[TASK DETAILS]: In the material below, find the line with "Tiếp đến, lực"; set down that line and every line after it to the end, exactly, without pictures.

:: RECORD SET

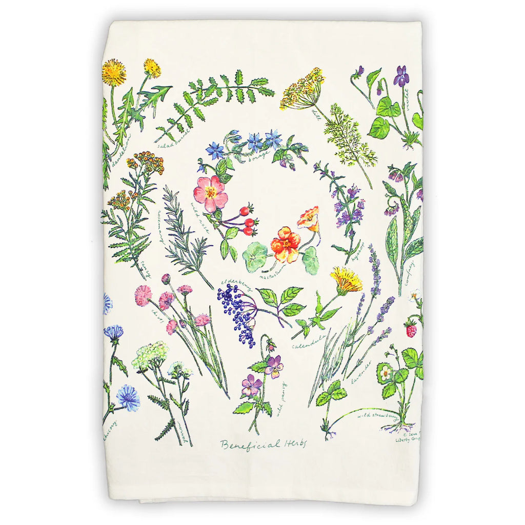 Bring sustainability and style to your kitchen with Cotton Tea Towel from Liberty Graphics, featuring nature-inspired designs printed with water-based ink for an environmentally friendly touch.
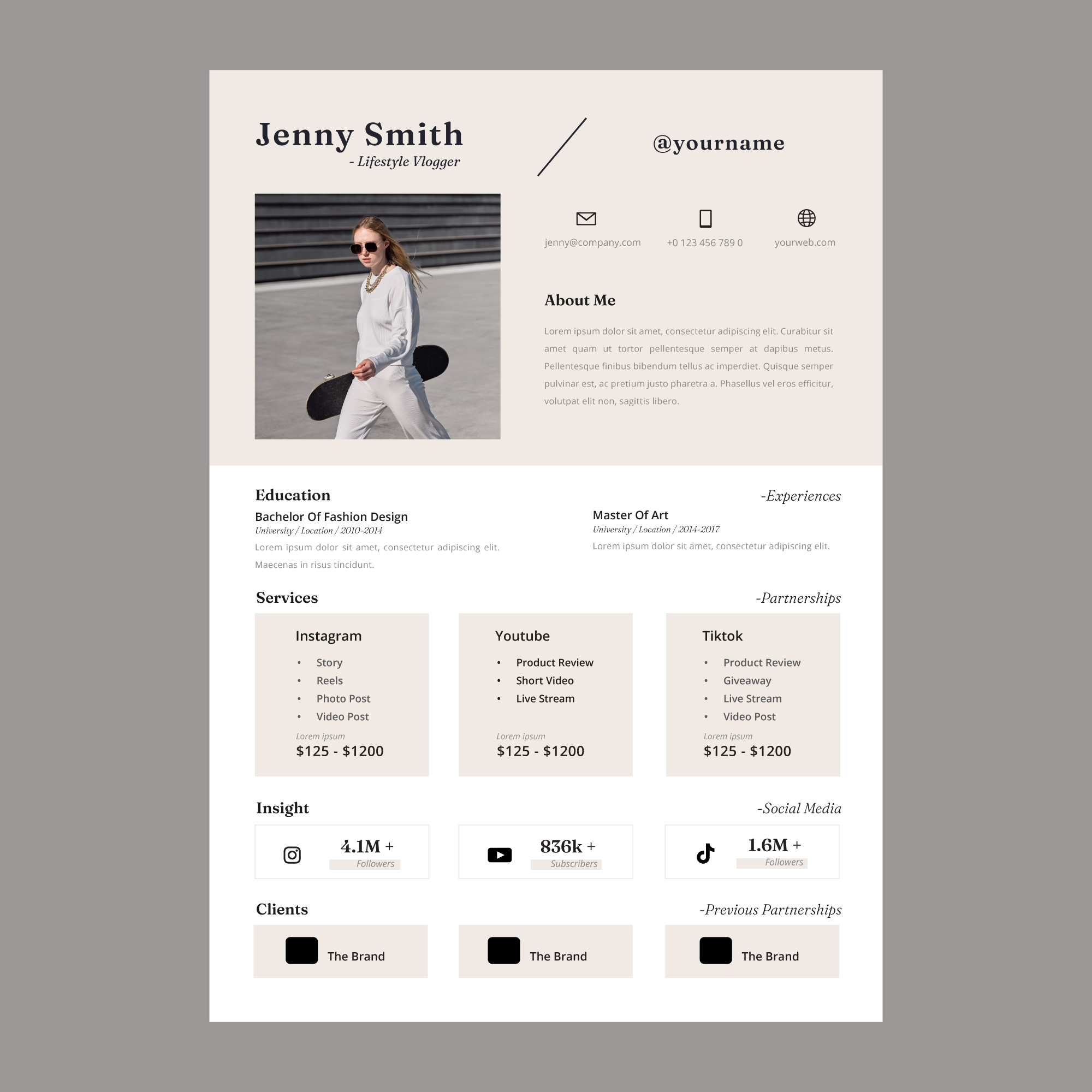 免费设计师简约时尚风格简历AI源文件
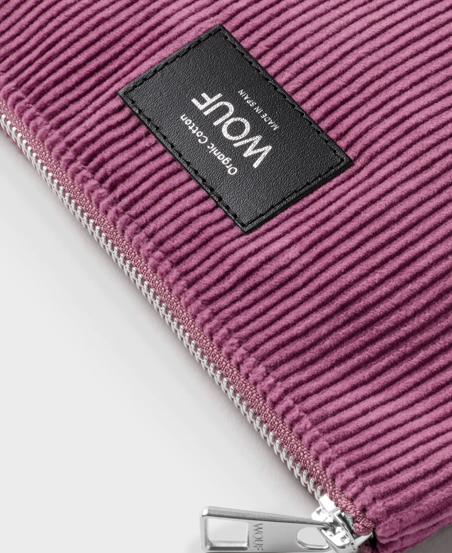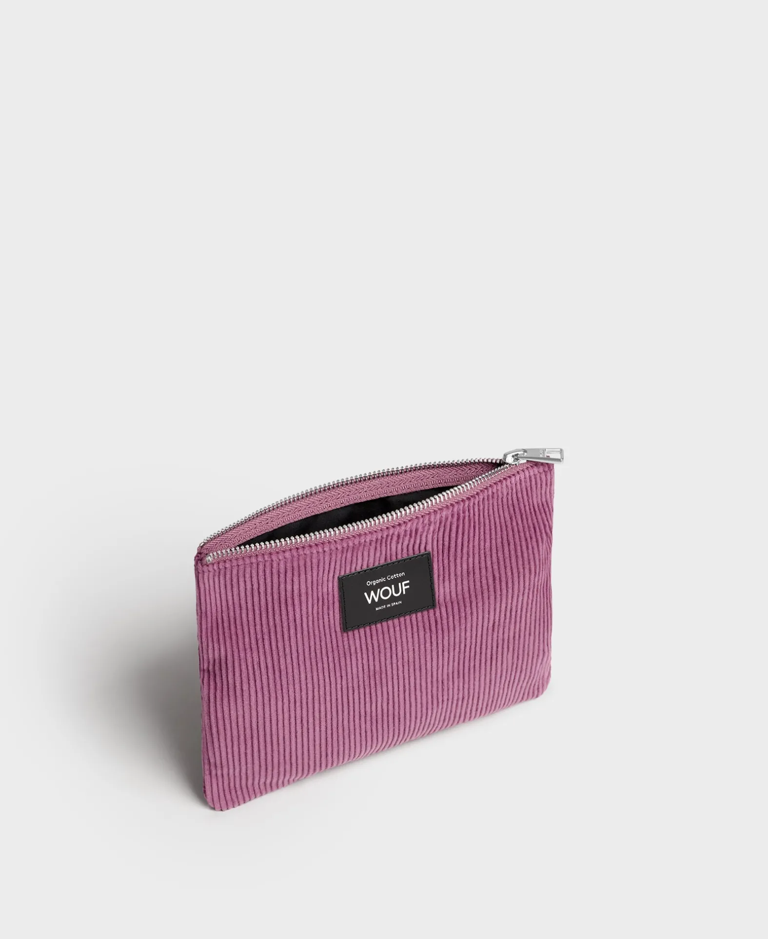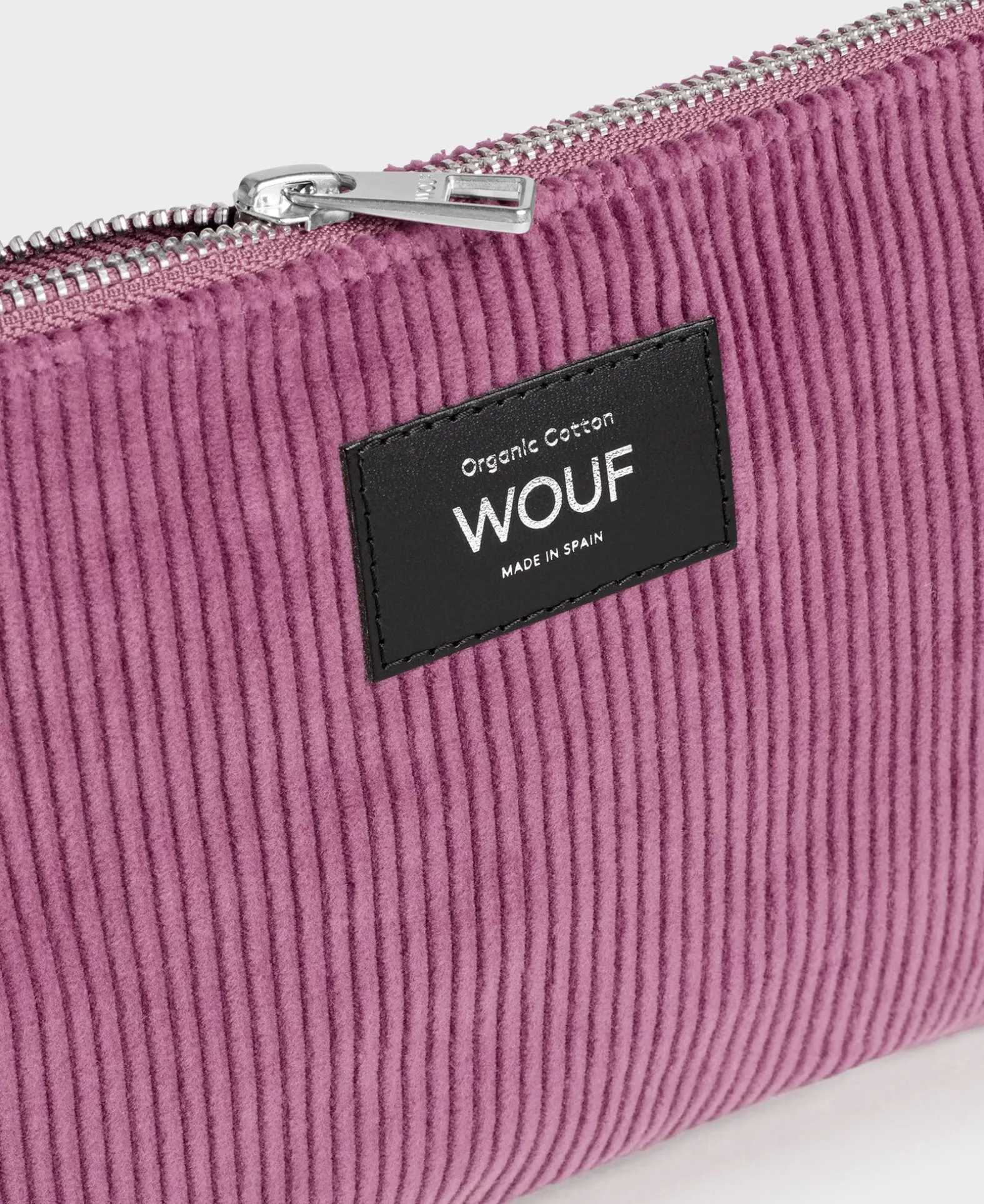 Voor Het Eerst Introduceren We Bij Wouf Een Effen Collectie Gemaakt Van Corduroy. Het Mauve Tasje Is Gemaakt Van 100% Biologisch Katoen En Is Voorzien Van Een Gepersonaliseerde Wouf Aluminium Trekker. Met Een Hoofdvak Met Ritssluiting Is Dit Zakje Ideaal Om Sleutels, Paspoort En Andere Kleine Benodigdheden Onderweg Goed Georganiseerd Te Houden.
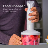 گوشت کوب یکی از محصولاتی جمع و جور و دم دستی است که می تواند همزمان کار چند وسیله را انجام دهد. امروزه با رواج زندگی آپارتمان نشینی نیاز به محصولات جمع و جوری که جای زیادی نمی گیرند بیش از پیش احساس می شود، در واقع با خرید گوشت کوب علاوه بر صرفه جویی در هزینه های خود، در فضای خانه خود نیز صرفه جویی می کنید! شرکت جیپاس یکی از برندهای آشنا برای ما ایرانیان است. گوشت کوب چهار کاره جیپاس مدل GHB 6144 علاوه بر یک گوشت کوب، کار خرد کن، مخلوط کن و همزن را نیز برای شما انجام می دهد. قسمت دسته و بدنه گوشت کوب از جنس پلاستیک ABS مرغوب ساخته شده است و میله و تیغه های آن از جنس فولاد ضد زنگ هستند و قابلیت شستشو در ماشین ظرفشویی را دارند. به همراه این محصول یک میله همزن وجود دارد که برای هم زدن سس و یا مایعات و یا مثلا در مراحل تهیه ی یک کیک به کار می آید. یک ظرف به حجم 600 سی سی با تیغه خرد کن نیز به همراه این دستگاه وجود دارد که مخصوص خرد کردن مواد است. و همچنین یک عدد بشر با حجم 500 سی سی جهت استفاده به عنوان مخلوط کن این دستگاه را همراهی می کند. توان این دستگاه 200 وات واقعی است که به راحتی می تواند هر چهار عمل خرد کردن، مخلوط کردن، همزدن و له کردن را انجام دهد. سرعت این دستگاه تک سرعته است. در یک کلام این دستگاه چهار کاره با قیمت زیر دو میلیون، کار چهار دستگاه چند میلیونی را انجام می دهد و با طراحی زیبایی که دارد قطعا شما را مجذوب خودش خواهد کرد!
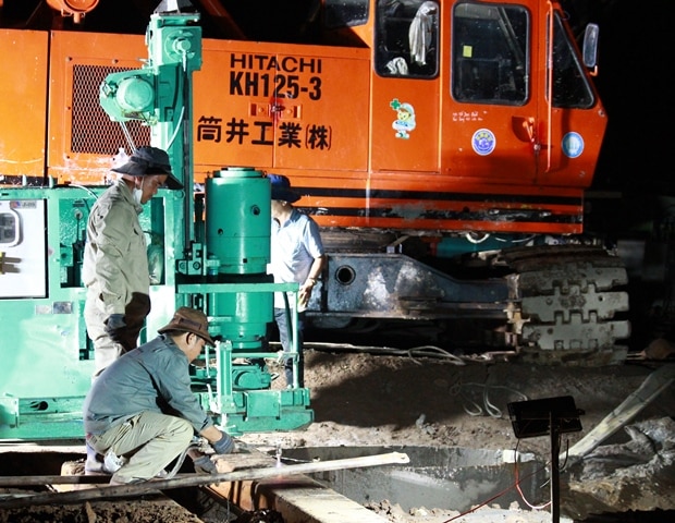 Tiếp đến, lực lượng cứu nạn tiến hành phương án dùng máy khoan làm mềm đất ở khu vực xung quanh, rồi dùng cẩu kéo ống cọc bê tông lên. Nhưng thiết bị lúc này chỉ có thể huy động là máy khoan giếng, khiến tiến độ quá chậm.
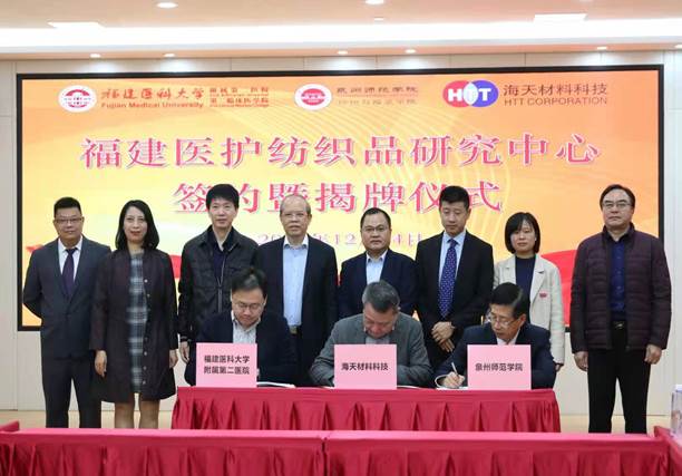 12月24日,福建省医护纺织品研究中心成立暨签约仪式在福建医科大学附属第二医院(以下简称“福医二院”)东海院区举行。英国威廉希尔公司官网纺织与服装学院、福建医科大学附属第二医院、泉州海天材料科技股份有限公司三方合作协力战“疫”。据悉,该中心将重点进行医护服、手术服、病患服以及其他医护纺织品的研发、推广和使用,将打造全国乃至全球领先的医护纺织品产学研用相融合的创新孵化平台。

::::

[RESPONSE TO THE EXERCISE]:
 Tiếp đến, lực lượng cứu nạn tiến hành phương án dùng máy khoan làm mềm đất ở khu vực xung quanh, rồi dùng cẩu kéo ống cọc bê tông lên. Nhưng thiết bị lúc này chỉ có thể huy động là máy khoan giếng, khiến tiến độ quá chậm.
 12月24日,福建省医护纺织品研究中心成立暨签约仪式在福建医科大学附属第二医院(以下简称“福医二院”)东海院区举行。英国威廉希尔公司官网纺织与服装学院、福建医科大学附属第二医院、泉州海天材料科技股份有限公司三方合作协力战“疫”。据悉,该中心将重点进行医护服、手术服、病患服以及其他医护纺织品的研发、推广和使用,将打造全国乃至全球领先的医护纺织品产学研用相融合的创新孵化平台。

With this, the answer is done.